Peterson’s public service began in 1971, when President Richard Nixon named him Assistant to the President for International Economic Affairs. One year later, he was named U.S. Secretary of Commerce. At that time, he also assumed the chairmanship of President Nixon’s National Commission on Productivity and was appointed U.S. Chairman of the U.S.-Soviet Commercial Commission. He again took on a public service role from 2000 to 2004, when he chaired the Federal Reserve Bank of New York.

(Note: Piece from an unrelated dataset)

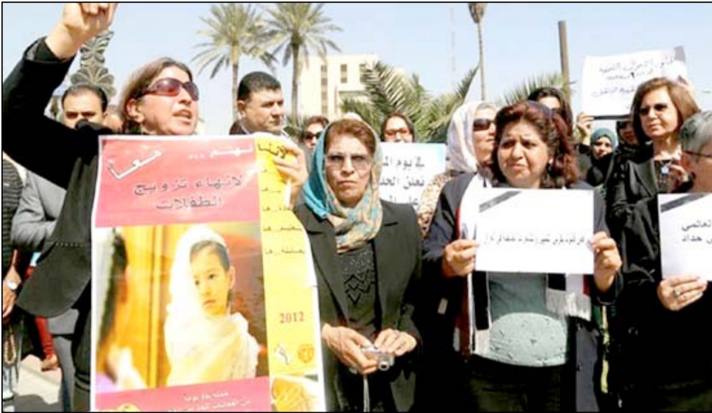
تأشطات منديبات خلال قيامهن بحملة ضد قانون الأحوال الشخصية.. أرشيف

يجتاح البرلمان إلى دائرة خاصة تتولى رصد المعارضين على أدائه تمهيدا لمقاضاتهم ، يجمع الوثائق والشواهد لتكون أدلة إثبات لإدانة من ارتكب جريمة الإساءة بحق ممثلي الشعب ، وليس من المستبعد أن يلجأ البرلمان للتصويت على قرار يحظر استخدام شبكة التواصل الاجتماعي في العراق ، ومعاينة ناشطين كانوا وراء إطلاق تسمية " مجلس النواب " حتى أصبحت شعاراً يرفعه المتظاهرون المطالبون بإبائهم من المصائب الحالية والمستقبلية؛

In addition to his work with the Foundation, Peterson was chairman emeritus of the Council on Foreign Relations, founding chairman of the Peterson Institute for International Economics in Washington, DC, and founding president of The Concord Coalition. Along with former U.S. Treasury Secretary John Snow, he co-chaired the Conference Board Commission on Public Trust and Private Enterprise. He served as a director of numerous corporations and was the author of five books, including the best-selling Running on Empty: How the Democratic and Republican Parties are Bankrupting Our Future and What Americans Can Do About It (2004) and his recently published memoir, The Education of an American Dreamer: How a Son of Greek Immigrants Learned His Way from a Nebraska Diner to Washington, Wall Street, and Beyond.

Peterson passed away at the age of 91 on March 20th, 2018.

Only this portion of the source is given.